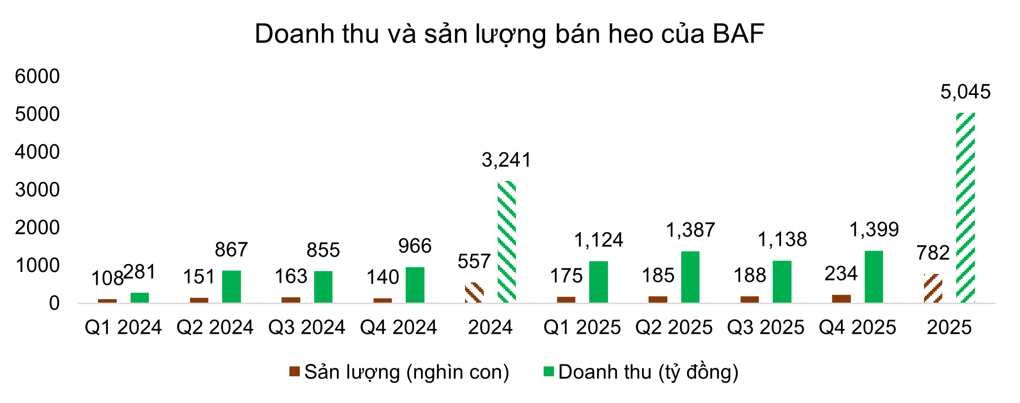 In February 2026, BAF will launch two farm clusters with a capacity of 5,000 sows, 60,000 fattening pigs, and 60,000 replacement pigs. Aiming to become Vietnam’s leading livestock company, BAF plans to open 16 new farms and a 300,000-ton/year feed mill in Binh Dinh in 2026. Additionally, a high-rise pig farming project (64,000 sows and 1.6 million fattening pigs) is set to begin construction in April 2026 and start operations in Q3/2027.
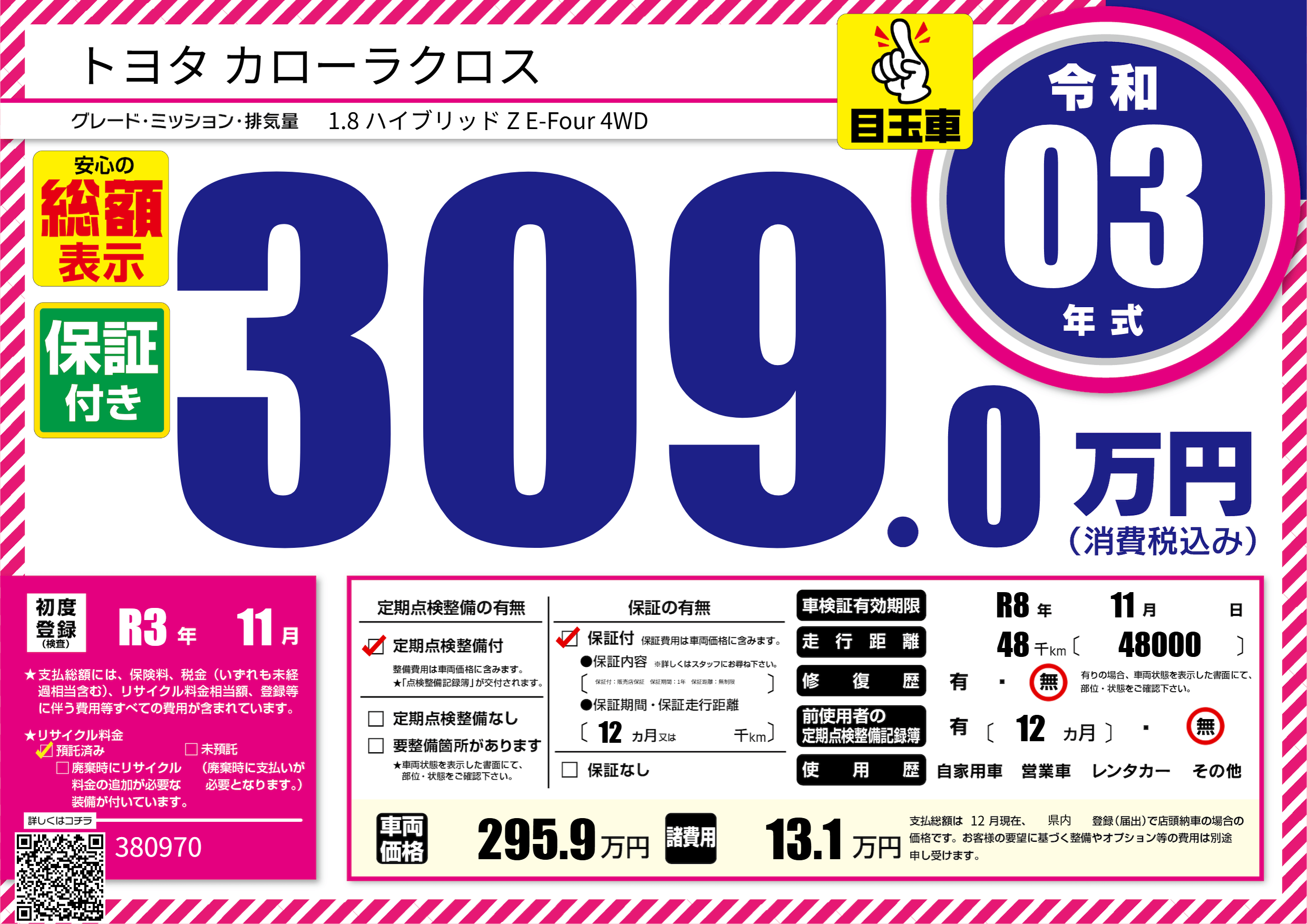 | 車名 | トヨタ カローラクロス | グレード ミッション 排気量 |
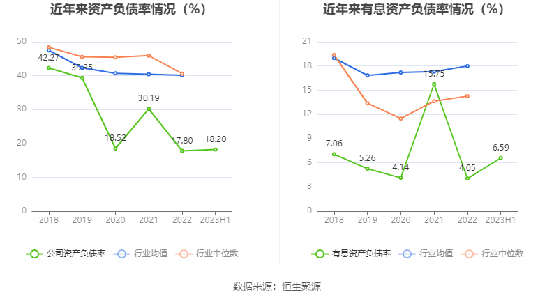 偿债能力方面,公司2023年二季度末资产负债率为18.20%,相比上年末增加0.40个百分点;有息资产负债率为6.59%,相比上年末增加2.54个百分点。

——————————

Start at the first line and set down all of the data exactly, passing over the pictures.

 In February 2026, BAF will launch two farm clusters with a capacity of 5,000 sows, 60,000 fattening pigs, and 60,000 replacement pigs. Aiming to become Vietnam’s leading livestock company, BAF plans to open 16 new farms and a 300,000-ton/year feed mill in Binh Dinh in 2026. Additionally, a high-rise pig farming project (64,000 sows and 1.6 million fattening pigs) is set to begin construction in April 2026 and start operations in Q3/2027.
 | 車名 | トヨタ カローラクロス | グレード ミッション 排気量 |
 偿债能力方面,公司2023年二季度末资产负债率为18.20%,相比上年末增加0.40个百分点;有息资产负债率为6.59%,相比上年末增加2.54个百分点。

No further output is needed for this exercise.